- Entries supplied
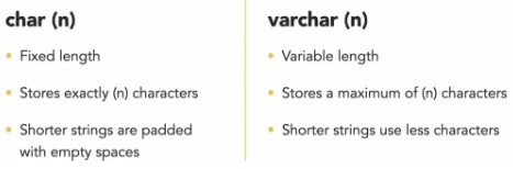 - ทั้ง char และ varchar ไม่อนุญาตให้ใส่เกินความยาวของ (n) ถ้าใส่เกิน ฐานข้อมูลจะส่งกลับข้อผิดพลาดและจะไม่บันทึกข้อมูลลงตาราง
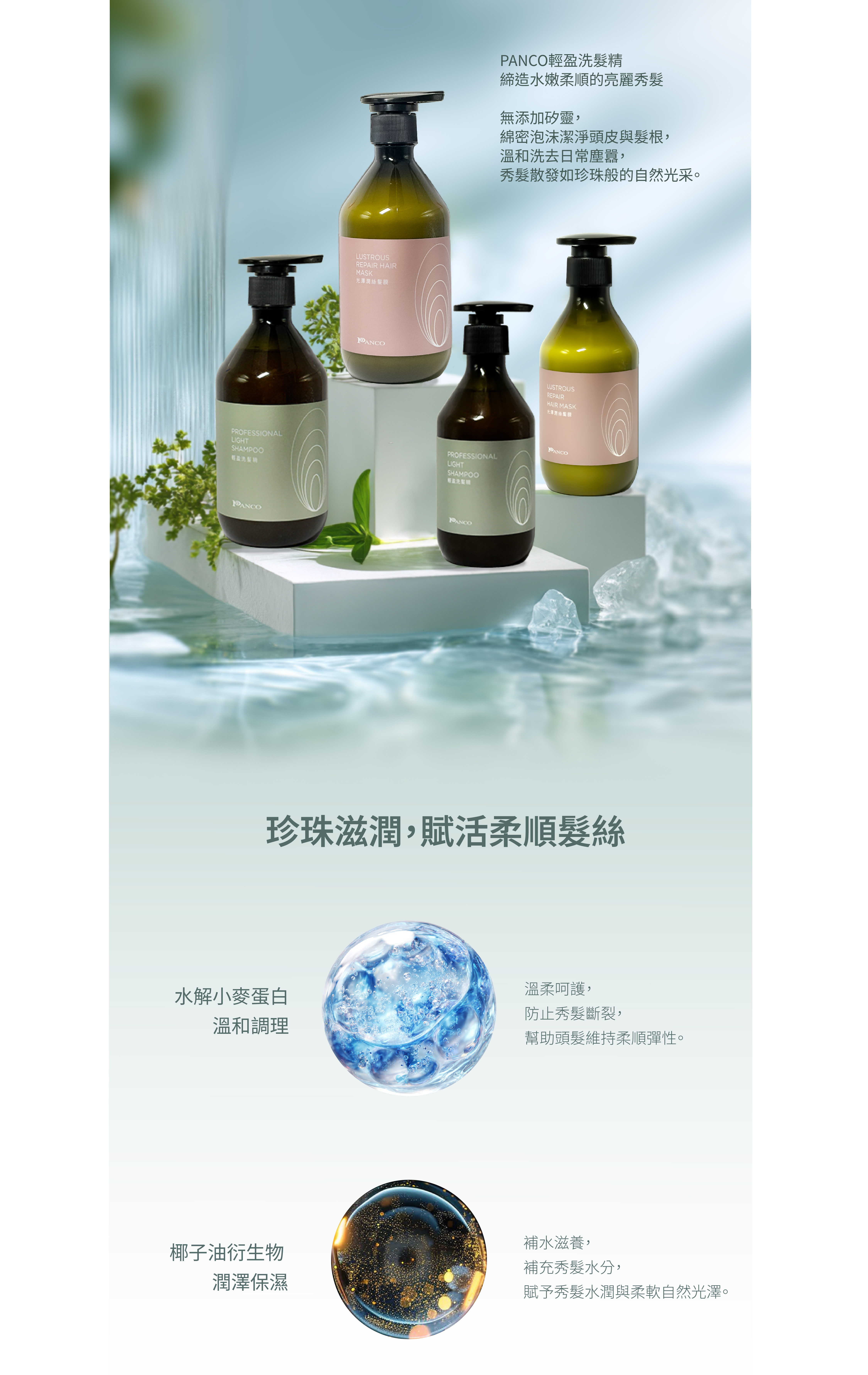 綿密泡沫溫和潔淨,洗後秀髮蓬鬆柔順,散發輕盈光澤
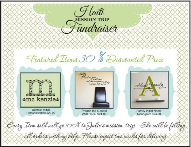 My Daughter, Julie is 16 and will be going on her first mission trip this summer to Haiti. We put our minds to work and came up with this idea to help her raise money for her trip. I am donating the supplies, and Julie is donating her time, to help raise money for her cause. Her goal is $1200.00 and will be giving weekly updates on Julie's blog to keep everyone posted about her progress.
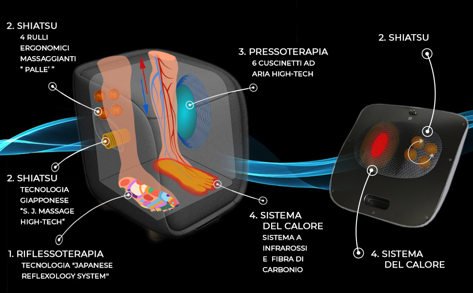 Il sistema a infrarossi agisce su piedi, caviglie, gambe e polpacci, e offrendo un sollievo profondo e duraturo.
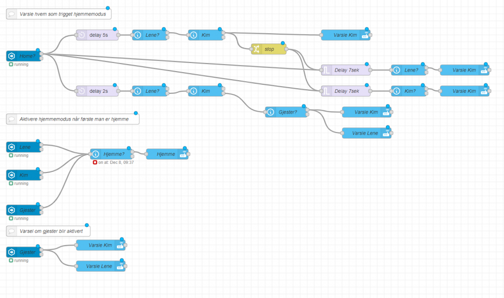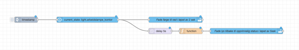 Her kommer et eksempel på varsling ved bruk av en fargepære. Denne leser status på farge og lysstyrken på pæren, deretter fader den til rød med 99% lysstyrke i løpet av 2sek, deretter venter den 5sek før den fader tilbake til opprinnelig status. Varslingsfarge redigeres i node (Fade farge til rød i løpet av 2 sek) Rød - {"brightness_pct": 99,"rgb_color":[255,0,0],"transition":2} Grønn - {"brightness_pct": 99,"rgb_color":[0,255,0],"transition":2} Blå - {"brightness_pct": 99,"rgb_color":[0,0,255],"transition":2} Lysstyrke: endre verdi etter brightness_pct fra 1-99 Overgang: endre tall i sek etter transition Send PM om du ønsker kopi av flow.

- Problem details
Up to and including the line that holds "Il sistema a", restate word for word each line of the records from their start, and only those lines, leaving out the pictures.

- Task answer
 - ทั้ง char และ varchar ไม่อนุญาตให้ใส่เกินความยาวของ (n) ถ้าใส่เกิน ฐานข้อมูลจะส่งกลับข้อผิดพลาดและจะไม่บันทึกข้อมูลลงตาราง
 綿密泡沫溫和潔淨,洗後秀髮蓬鬆柔順,散發輕盈光澤
 My Daughter, Julie is 16 and will be going on her first mission trip this summer to Haiti. We put our minds to work and came up with this idea to help her raise money for her trip. I am donating the supplies, and Julie is donating her time, to help raise money for her cause. Her goal is $1200.00 and will be giving weekly updates on Julie's blog to keep everyone posted about her progress.
 Il sistema a infrarossi agisce su piedi, caviglie, gambe e polpacci, e offrendo un sollievo profondo e duraturo.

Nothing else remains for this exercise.